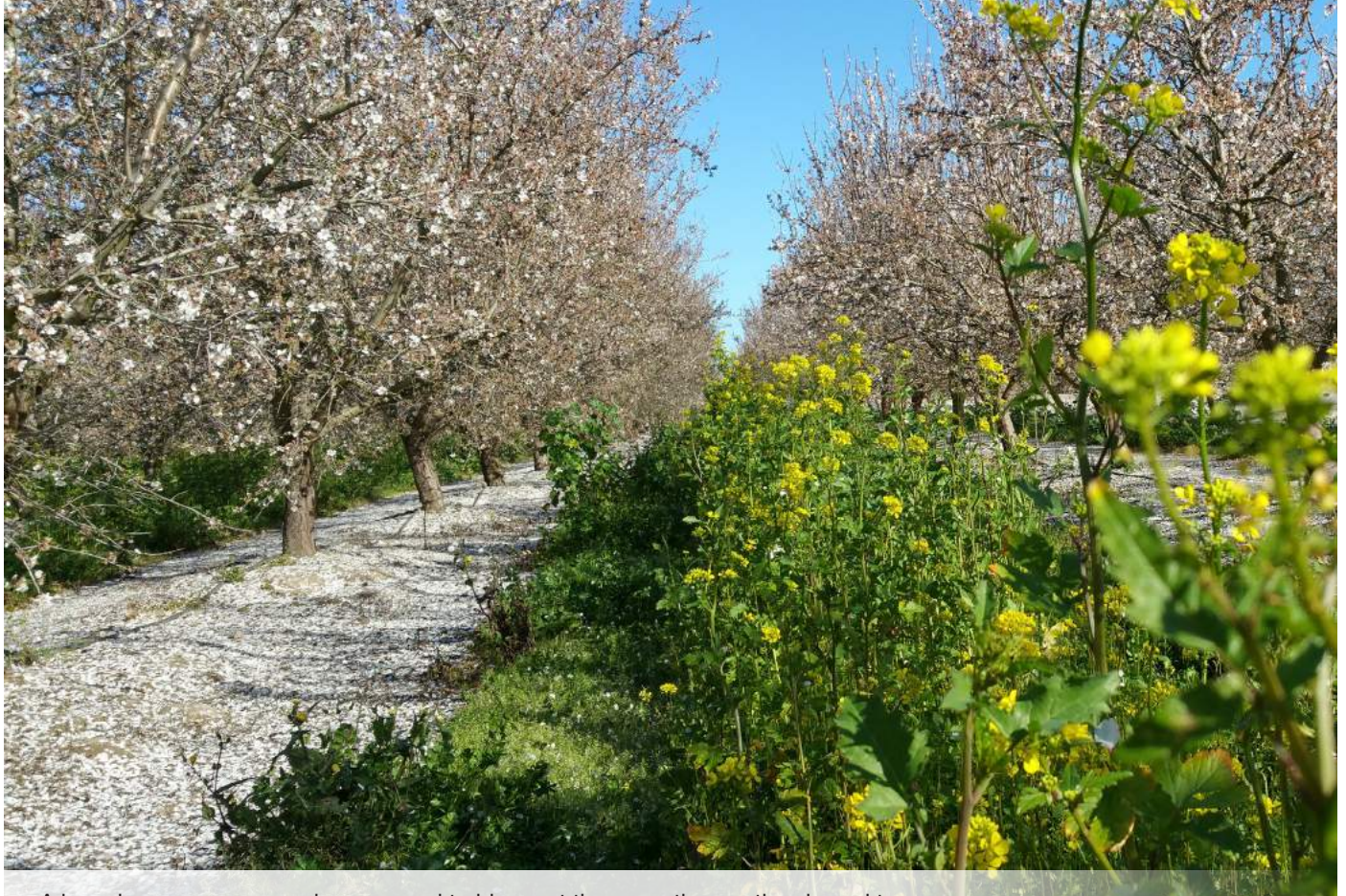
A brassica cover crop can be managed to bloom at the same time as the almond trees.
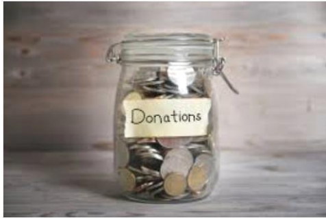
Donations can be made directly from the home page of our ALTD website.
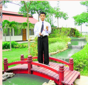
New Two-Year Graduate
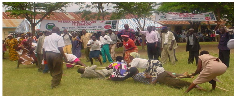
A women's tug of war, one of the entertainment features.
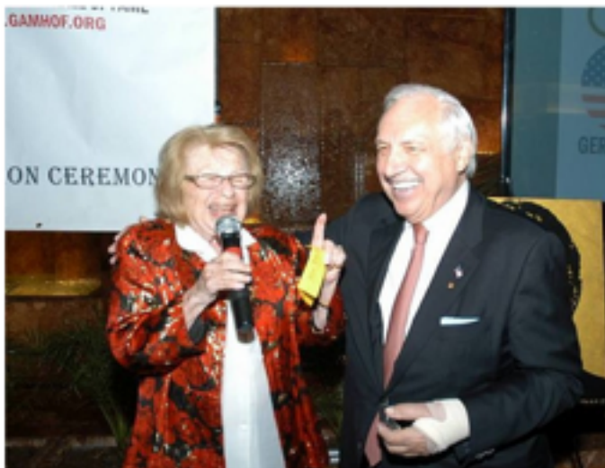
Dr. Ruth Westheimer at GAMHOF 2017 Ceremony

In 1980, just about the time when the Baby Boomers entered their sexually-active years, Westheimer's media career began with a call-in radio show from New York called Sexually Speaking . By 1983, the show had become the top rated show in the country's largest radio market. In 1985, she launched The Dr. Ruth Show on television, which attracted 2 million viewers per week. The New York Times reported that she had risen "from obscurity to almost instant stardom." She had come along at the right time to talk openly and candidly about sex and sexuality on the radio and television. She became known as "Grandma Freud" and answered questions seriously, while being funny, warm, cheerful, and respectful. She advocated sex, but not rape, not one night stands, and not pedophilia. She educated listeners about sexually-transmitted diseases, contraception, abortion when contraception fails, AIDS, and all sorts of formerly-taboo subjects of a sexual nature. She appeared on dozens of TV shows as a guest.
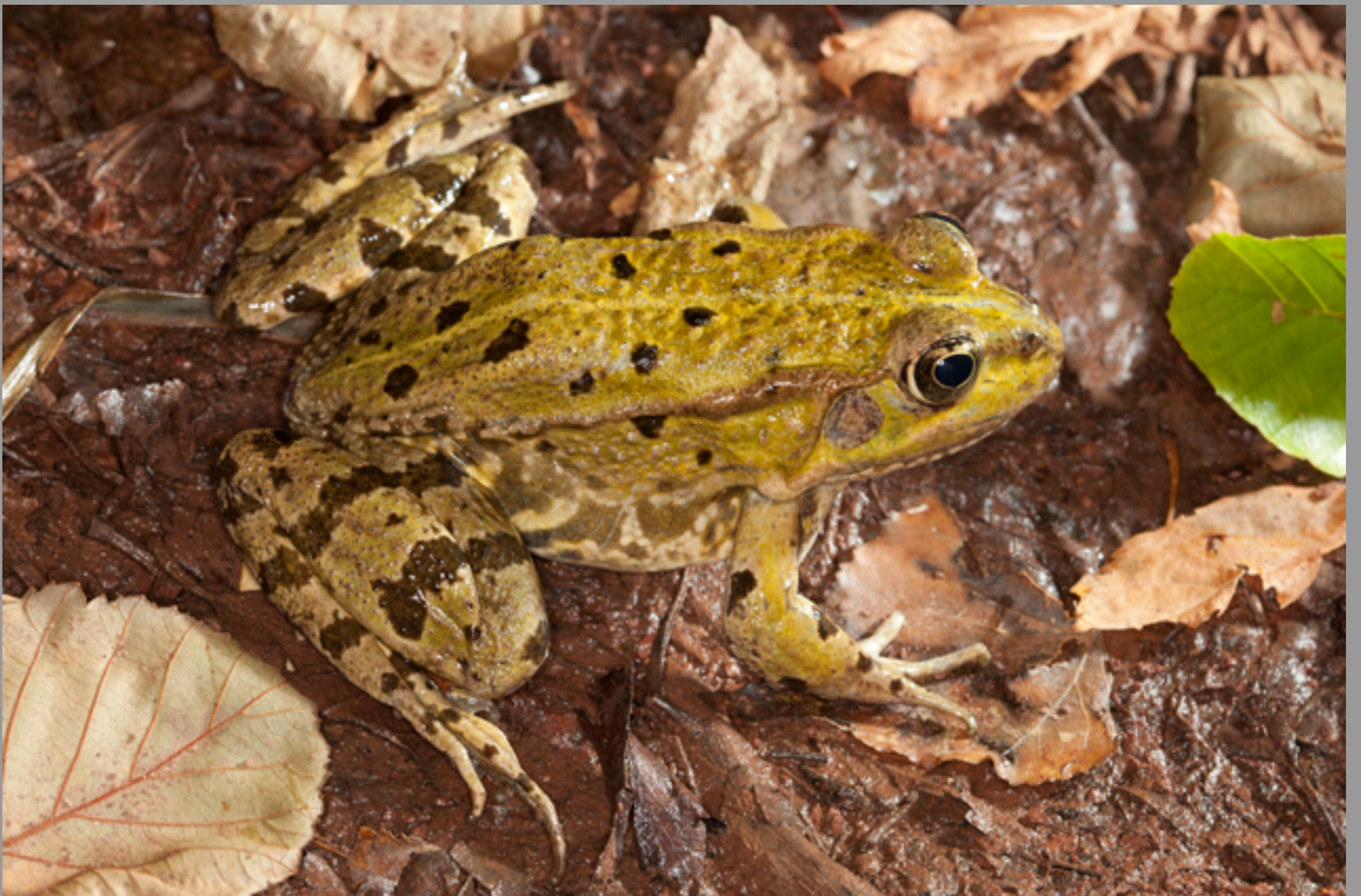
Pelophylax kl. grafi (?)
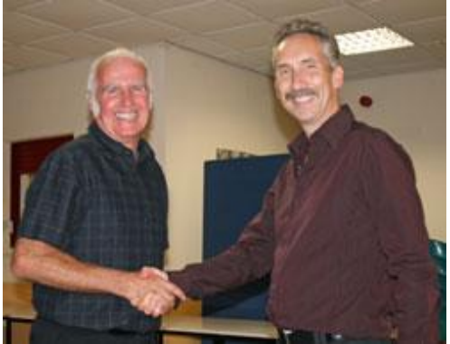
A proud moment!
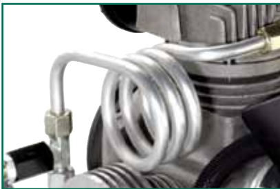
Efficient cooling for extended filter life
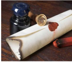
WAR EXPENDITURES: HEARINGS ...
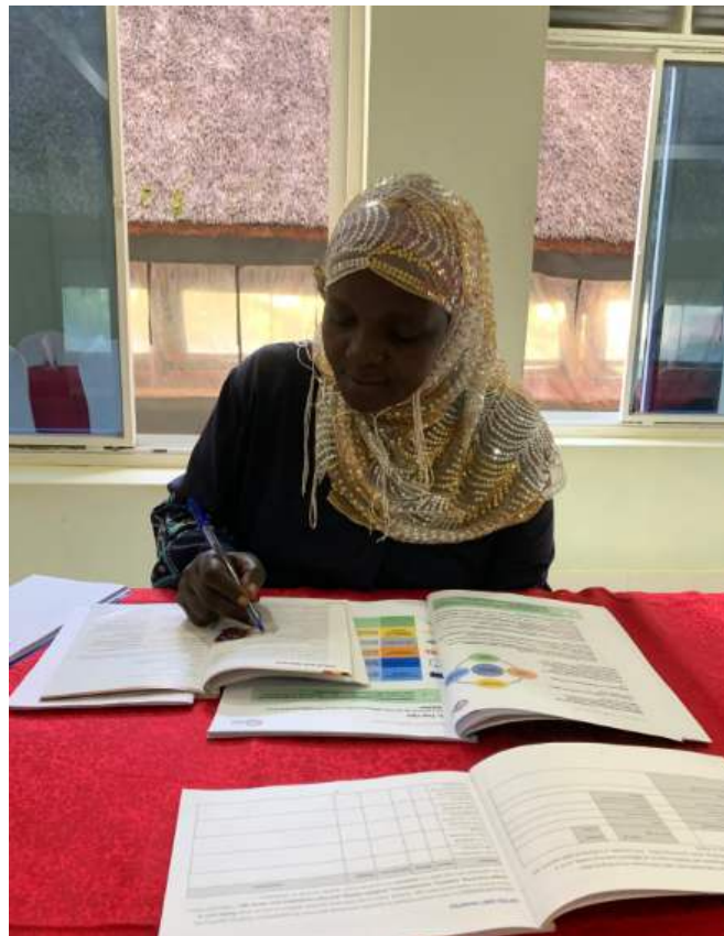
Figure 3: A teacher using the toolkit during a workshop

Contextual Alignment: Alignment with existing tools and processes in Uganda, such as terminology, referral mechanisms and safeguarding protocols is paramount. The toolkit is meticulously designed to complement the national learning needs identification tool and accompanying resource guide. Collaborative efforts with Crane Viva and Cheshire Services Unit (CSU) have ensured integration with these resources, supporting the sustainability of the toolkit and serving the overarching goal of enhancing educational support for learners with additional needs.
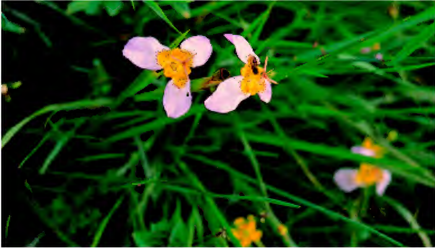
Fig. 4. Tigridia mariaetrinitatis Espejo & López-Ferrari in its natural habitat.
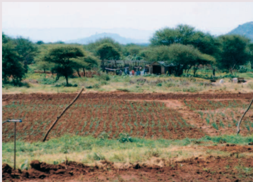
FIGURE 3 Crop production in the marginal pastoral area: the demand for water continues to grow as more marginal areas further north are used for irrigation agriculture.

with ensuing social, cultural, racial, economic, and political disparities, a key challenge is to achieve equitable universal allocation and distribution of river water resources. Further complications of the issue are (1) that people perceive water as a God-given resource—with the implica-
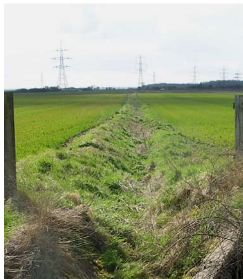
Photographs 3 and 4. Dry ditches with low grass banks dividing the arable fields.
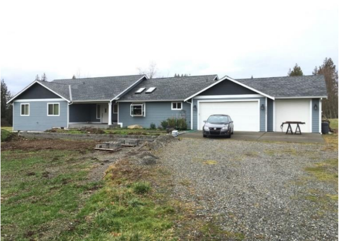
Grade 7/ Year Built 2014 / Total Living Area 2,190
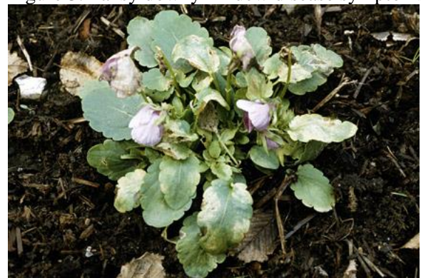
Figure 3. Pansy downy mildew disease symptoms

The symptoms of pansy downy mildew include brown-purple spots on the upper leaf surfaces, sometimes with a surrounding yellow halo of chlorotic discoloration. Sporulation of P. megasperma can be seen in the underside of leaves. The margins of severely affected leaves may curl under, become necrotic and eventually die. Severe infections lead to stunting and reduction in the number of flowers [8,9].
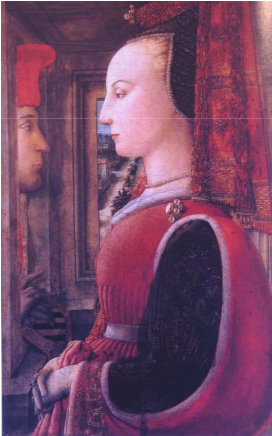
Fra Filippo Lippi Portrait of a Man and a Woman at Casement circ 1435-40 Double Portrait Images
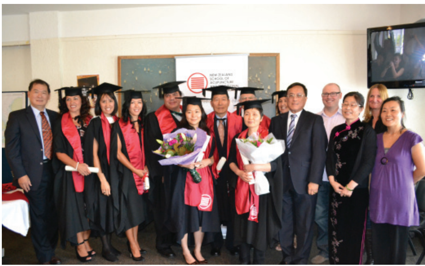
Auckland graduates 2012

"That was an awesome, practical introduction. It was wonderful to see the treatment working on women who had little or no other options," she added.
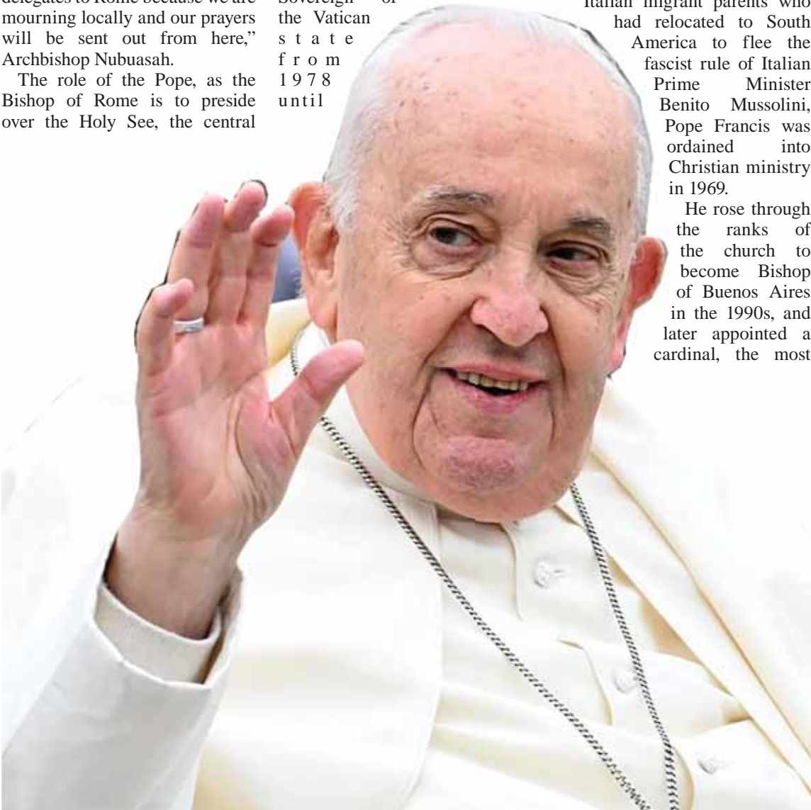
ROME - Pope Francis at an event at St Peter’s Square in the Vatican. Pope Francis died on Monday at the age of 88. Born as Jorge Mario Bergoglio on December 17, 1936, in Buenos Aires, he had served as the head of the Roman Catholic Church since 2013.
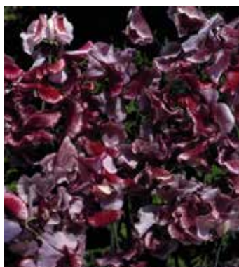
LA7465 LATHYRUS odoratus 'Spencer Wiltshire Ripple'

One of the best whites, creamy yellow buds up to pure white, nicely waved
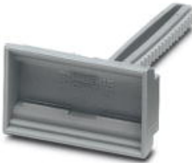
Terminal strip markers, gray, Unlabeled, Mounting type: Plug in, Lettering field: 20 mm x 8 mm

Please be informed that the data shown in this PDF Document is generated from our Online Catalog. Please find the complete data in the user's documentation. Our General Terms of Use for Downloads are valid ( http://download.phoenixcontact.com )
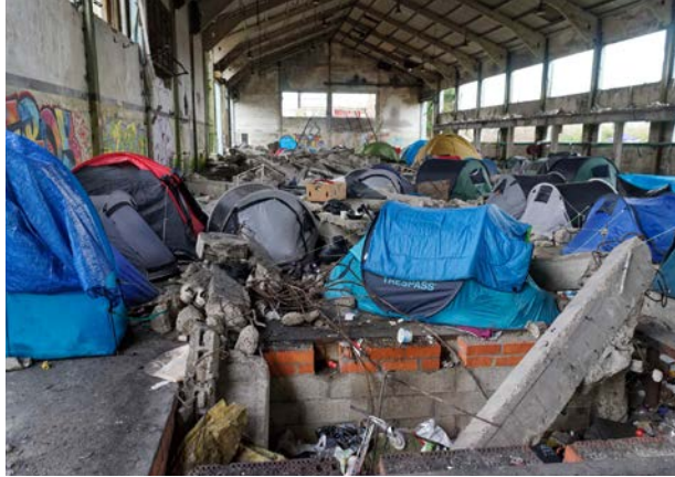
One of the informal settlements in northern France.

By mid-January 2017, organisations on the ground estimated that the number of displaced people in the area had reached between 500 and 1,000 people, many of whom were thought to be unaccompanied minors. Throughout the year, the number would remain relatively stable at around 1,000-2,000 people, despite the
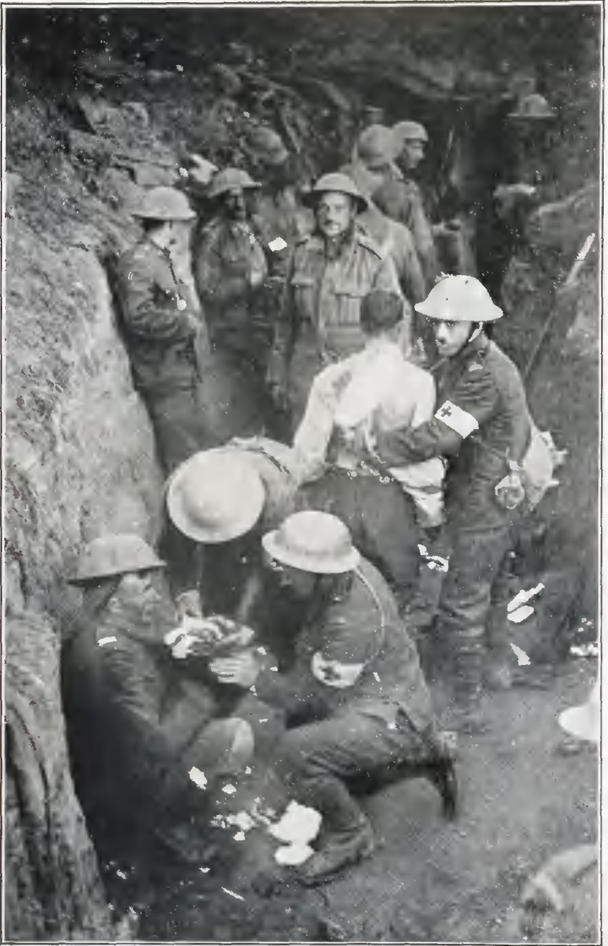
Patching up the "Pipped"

# # # # #

### What to produce
What is needed here is an exact transcription of every record above, with images excluded.

### Written answer
A brassica cover crop can be managed to bloom at the same time as the almond trees.
Donations can be made directly from the home page of our ALTD website.
New Two-Year Graduate
A women's tug of war, one of the entertainment features.
Dr. Ruth Westheimer at GAMHOF 2017 Ceremony

In 1980, just about the time when the Baby Boomers entered their sexually-active years, Westheimer's media career began with a call-in radio show from New York called Sexually Speaking . By 1983, the show had become the top rated show in the country's largest radio market. In 1985, she launched The Dr. Ruth Show on television, which attracted 2 million viewers per week. The New York Times reported that she had risen "from obscurity to almost instant stardom." She had come along at the right time to talk openly and candidly about sex and sexuality on the radio and television. She became known as "Grandma Freud" and answered questions seriously, while being funny, warm, cheerful, and respectful. She advocated sex, but not rape, not one night stands, and not pedophilia. She educated listeners about sexually-transmitted diseases, contraception, abortion when contraception fails, AIDS, and all sorts of formerly-taboo subjects of a sexual nature. She appeared on dozens of TV shows as a guest.
Pelophylax kl. grafi (?)
A proud moment!
Efficient cooling for extended filter life
WAR EXPENDITURES: HEARINGS ...
Figure 3: A teacher using the toolkit during a workshop

Contextual Alignment: Alignment with existing tools and processes in Uganda, such as terminology, referral mechanisms and safeguarding protocols is paramount. The toolkit is meticulously designed to complement the national learning needs identification tool and accompanying resource guide. Collaborative efforts with Crane Viva and Cheshire Services Unit (CSU) have ensured integration with these resources, supporting the sustainability of the toolkit and serving the overarching goal of enhancing educational support for learners with additional needs.
Fig. 4. Tigridia mariaetrinitatis Espejo & López-Ferrari in its natural habitat.
FIGURE 3 Crop production in the marginal pastoral area: the demand for water continues to grow as more marginal areas further north are used for irrigation agriculture.

with ensuing social, cultural, racial, economic, and political disparities, a key challenge is to achieve equitable universal allocation and distribution of river water resources. Further complications of the issue are (1) that people perceive water as a God-given resource—with the implica-
Photographs 3 and 4. Dry ditches with low grass banks dividing the arable fields.
Grade 7/ Year Built 2014 / Total Living Area 2,190
Figure 3. Pansy downy mildew disease symptoms

The symptoms of pansy downy mildew include brown-purple spots on the upper leaf surfaces, sometimes with a surrounding yellow halo of chlorotic discoloration. Sporulation of P. megasperma can be seen in the underside of leaves. The margins of severely affected leaves may curl under, become necrotic and eventually die. Severe infections lead to stunting and reduction in the number of flowers [8,9].
Fra Filippo Lippi Portrait of a Man and a Woman at Casement circ 1435-40 Double Portrait Images
Auckland graduates 2012

"That was an awesome, practical introduction. It was wonderful to see the treatment working on women who had little or no other options," she added.
ROME - Pope Francis at an event at St Peter’s Square in the Vatican. Pope Francis died on Monday at the age of 88. Born as Jorge Mario Bergoglio on December 17, 1936, in Buenos Aires, he had served as the head of the Roman Catholic Church since 2013.
LA7465 LATHYRUS odoratus 'Spencer Wiltshire Ripple'

One of the best whites, creamy yellow buds up to pure white, nicely waved
Terminal strip markers, gray, Unlabeled, Mounting type: Plug in, Lettering field: 20 mm x 8 mm

Please be informed that the data shown in this PDF Document is generated from our Online Catalog. Please find the complete data in the user's documentation. Our General Terms of Use for Downloads are valid ( http://download.phoenixcontact.com )
One of the informal settlements in northern France.

By mid-January 2017, organisations on the ground estimated that the number of displaced people in the area had reached between 500 and 1,000 people, many of whom were thought to be unaccompanied minors. Throughout the year, the number would remain relatively stable at around 1,000-2,000 people, despite the
Patching up the "Pipped"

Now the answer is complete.